Immediately, the younger girls scattered and dropped to their knees in a vain effort to gather up Sara’s handiwork as it flew around in the breeze.

“Hey.” It was Nikki Roberts. She sat next to me. “How’s it going?”

“Are you watching the Sara show?”

She pulled a PowerBar out of her backpack. “Hard to miss.”

“So why are those girls picking up her garbage?”

“Sara Fife is president of Crimson Maidens.”

“Which are?”

“In theory, a girls’ service club,” Nikki said, biting into her PowerBar. “In practice, a sorority.”

“Pardon me while I barf up my sleeve.”

“A rich,
white
sorority,” she added.

“So they’re the cool white chick clique, is that it?”

Nikki nodded. “Anyone can go to their meetings at
school, but that’s basically a front. It’s the whole out-of-school social thing that really makes you a Crimson Maiden. For that, you have to be asked.” She nodded toward the girls on the field still attempting to gather up Sara and her friend’s confetti. “What you see down there is part of the unofficial hazing. Trust me. What they do off-campus to new pledges is a whole lot worse.”
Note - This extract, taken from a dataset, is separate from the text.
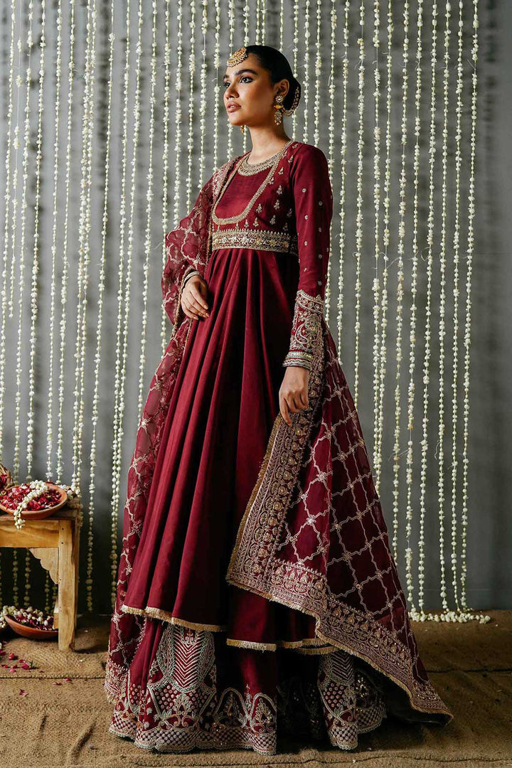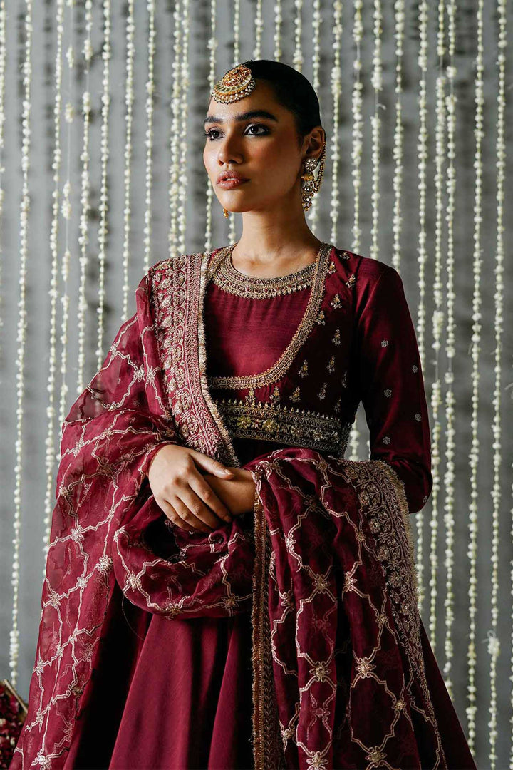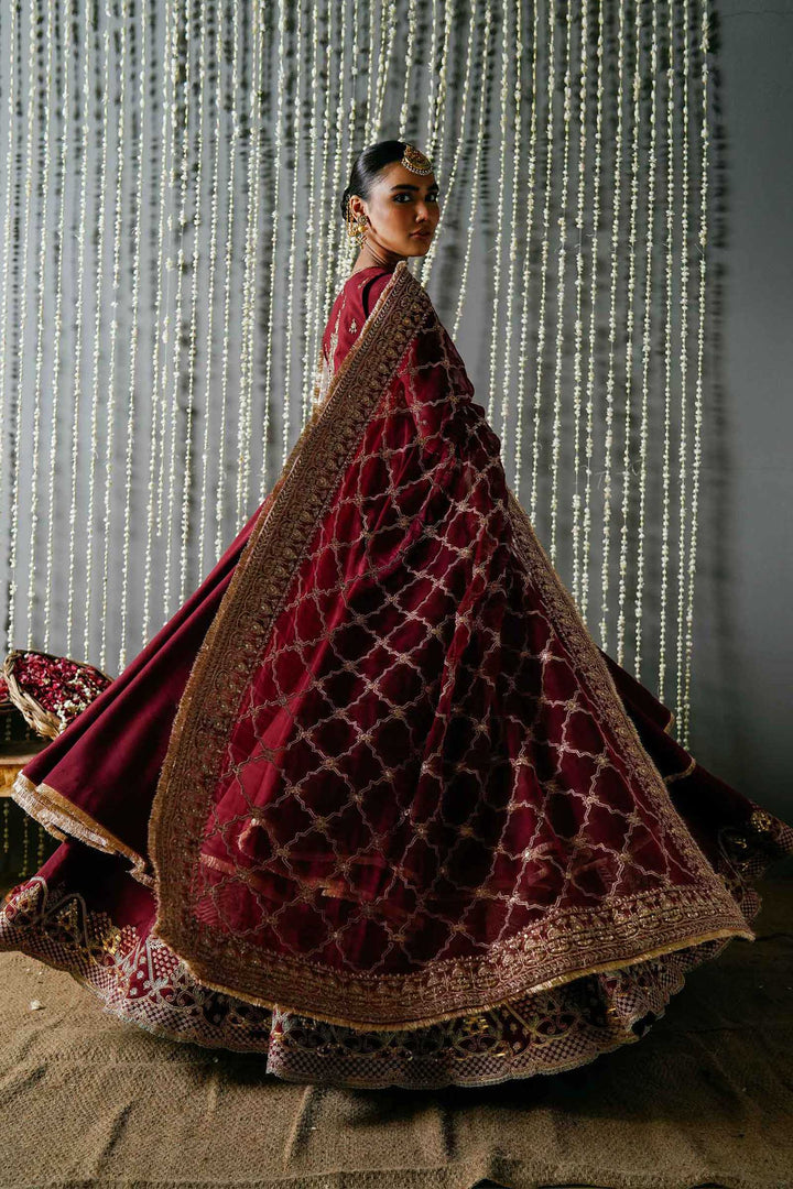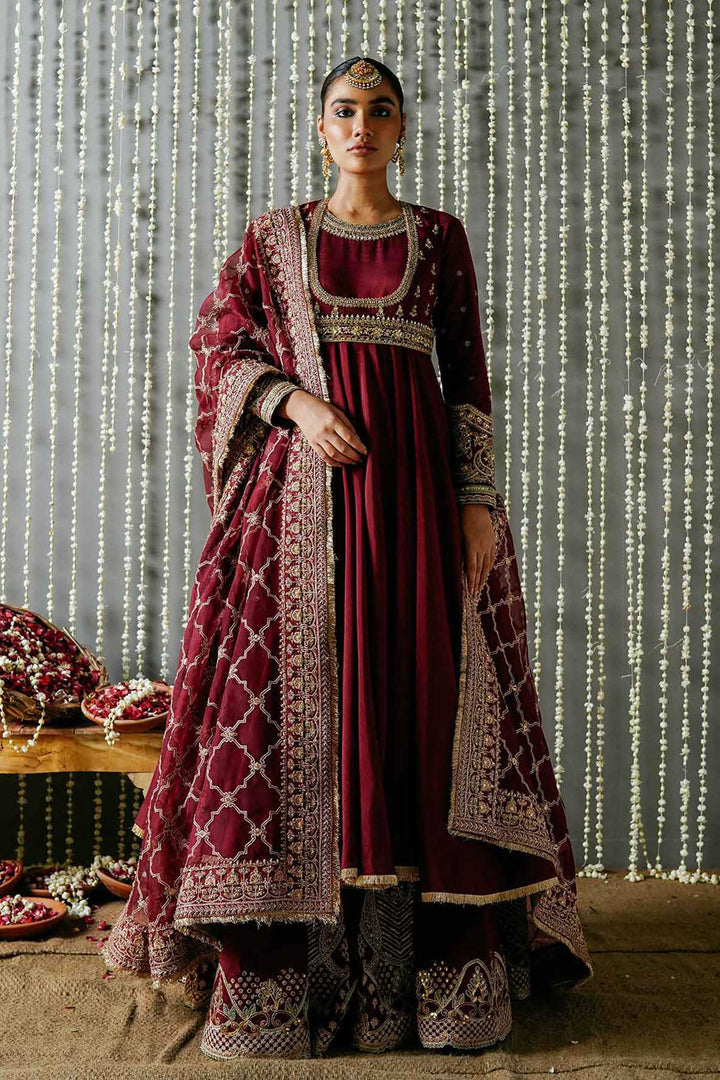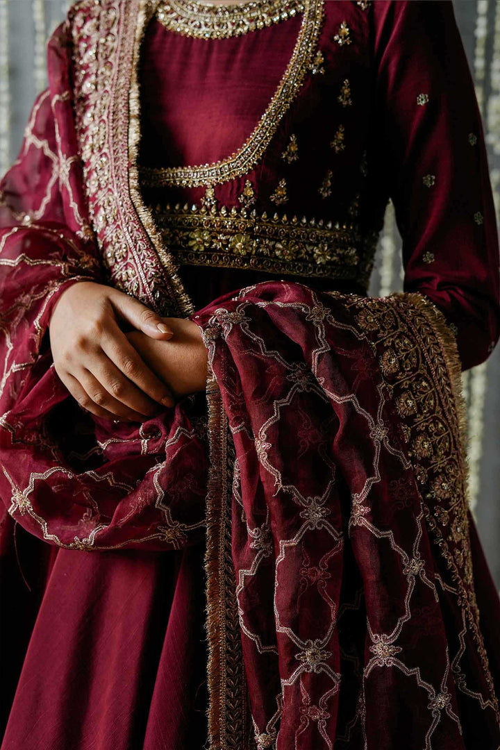 A classic magenta anarkali with embellished sleeves and intricate jeweled neckline. It is layered with a handmade coatie embellished in naqshi, sequence, resham, batkhi, gotta, marori and delicate moti. The ensemble is completed with a lehnga with an extensively embroidered border and an intricately embellished jaal dupatta with borders along all four sides.

I popped another M&M into my mouth. “Scary.” My gaze wandered up toward Redford Hill and the big flag painted there. “But that’s even scarier.”

“Welcome to the South,” she said.

“My friends back home will not believe this.”

Nikki shrugged and took a last bite of her PowerBar. “There are just as many racists up North, you know.”

“Wait. Are you defending that thing?”

“Hardly. Check it out.” She handed me a flyer from her backpack about a meeting she had organized to change the school team name and emblem to something that better represented the entire community. “You should come. It’s tonight at my church.”

“Maybe I will.” I stuck the flyer in the back pocket of my jeans. Two African American girls passing by the base of the stands scowled at us. “What’s up with
that?”
I asked her.

“What do you think?” Nikki rezipped her backpack.

“Let me take a wild guess: Our skin colors don’t match.”

Nikki shrugged. “Some of my friends have a thing about it.”

“Why would you want to be friends with them, then?”

She gave me a frosty look. “Who are you to question who my friends are? I grew up with them. I’ve known you for five minutes.”

That what she said was true didn’t make it sting any less. “Fine.” I got up and started down the bleacher stairs. “Whatever.”

“Look, you just have to know how it is,” she said, following me. “At this school, mostly kids hang with their own.”

“Then why were you just hanging with me?”

“I said
mostly.”

We walked together to the building, where Nikki gently touched my arm. “Kate, listen. You’re new. I’m trying to do you a favor. This school can be…” She hesitated. “Let’s just say I suggest you watch your step.”

I laughed. “I studied playwriting in a New York neighborhood with more drug addicts than there are people in this whole town. So pardon me if I’m not quaking in my new-girl boots.”

Two white guys in varsity jackets glared at us. What fun; equal opportunity racism. Near them, I saw Jack. He was taking some books from his locker. Just a simple glance at him caused a seismic disturbance. But Jack had a girlfriend, albeit a bitchy one. And I’d had cute boyfriends before. So what was it about this boy that took my breath away?

“Gotta run, late for sociology,” Nikki said, pivoting away.

“Wait one sec.” I edged closer. “You were going to tell
me about him.” I indicated Jack, who was now slamming his locker. Sara had materialized to take possessive hold of his arm. “What did you mean about him being royalty?”

“That’s Jack Redford,” she explained. “As in Redford, Tennessee.” She let that sink in for a moment. “Welcome to his world, baby.”